◆ **Raw data**
—————

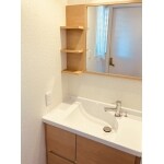 洗面室の空間をうまく生かせるように、奥行きのコンパクトなエスタをご提案しました。木目調のクリエペール色は既存のライトにもなじみやすく、温かい雰囲気の洗面室になりました。
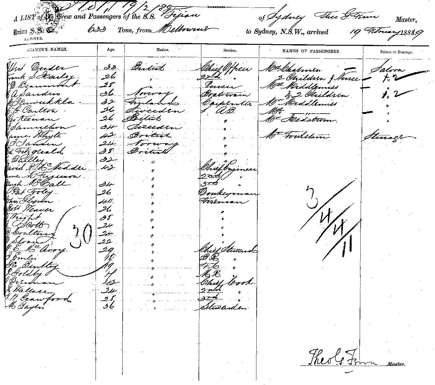 FIJIANSTEAMSHIP OF SYDNEY, THEO G. FENN, MASTER, BURTHEN 633 TONS FROM THE PORT OF MELBOURNE TO SYDNEY, NEW SOUTH WALES, 19TH FEBRUARY, 1889 |
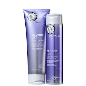 Kit com shampoo e condicionador para cabelos loiros. Kit Joico Blonde Life Violet Smart Release Duo neutraliza os tons amarelados e ajuda a manter a nuance fria.
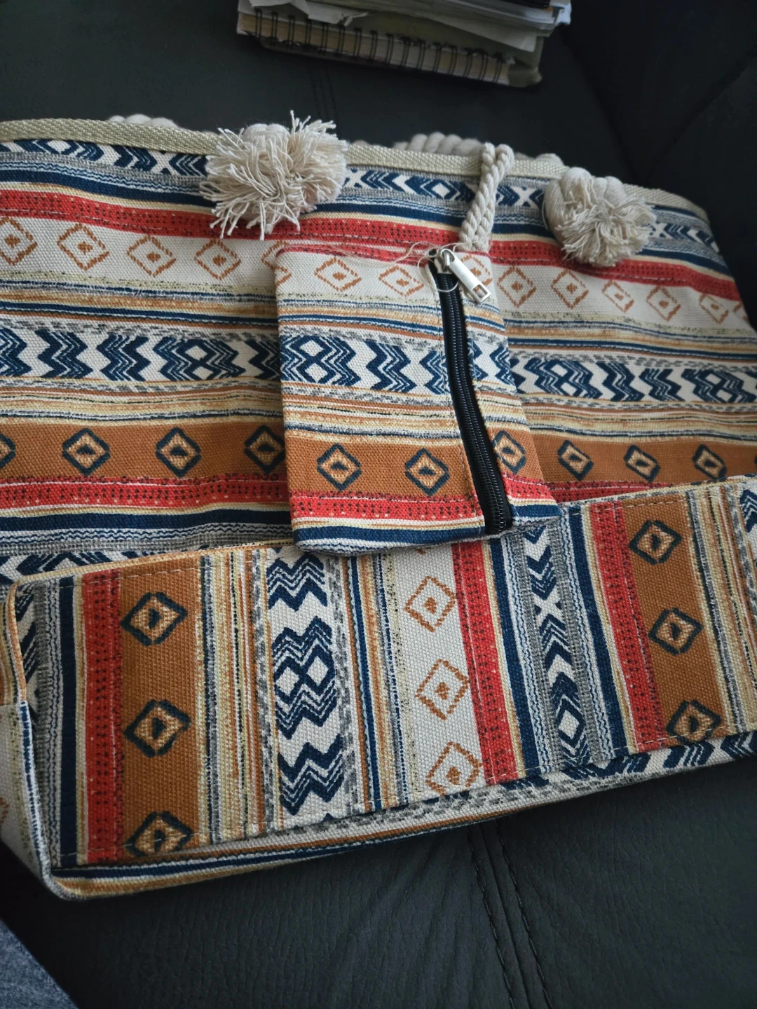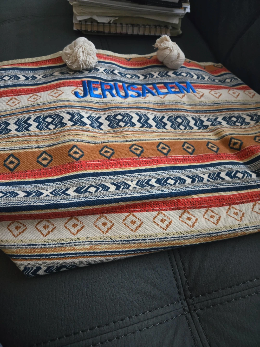 This is a tote bag purchased in Jerusalem. It has a colourful design with tassels and a small zippered pouch on the front. Perfect for carrying your essentials in style!

—————

◆ **Exercise details**
Exactly restate the lines from the beginning of the data through the line with "FIJIANSTEAMSHIP OF SYDNEY, THEO", and no others, keeping pictures out.

◆ **Solution to the exercise**
 洗面室の空間をうまく生かせるように、奥行きのコンパクトなエスタをご提案しました。木目調のクリエペール色は既存のライトにもなじみやすく、温かい雰囲気の洗面室になりました。
 FIJIANSTEAMSHIP OF SYDNEY, THEO G. FENN, MASTER, BURTHEN 633 TONS FROM THE PORT OF MELBOURNE TO SYDNEY, NEW SOUTH WALES, 19TH FEBRUARY, 1889 |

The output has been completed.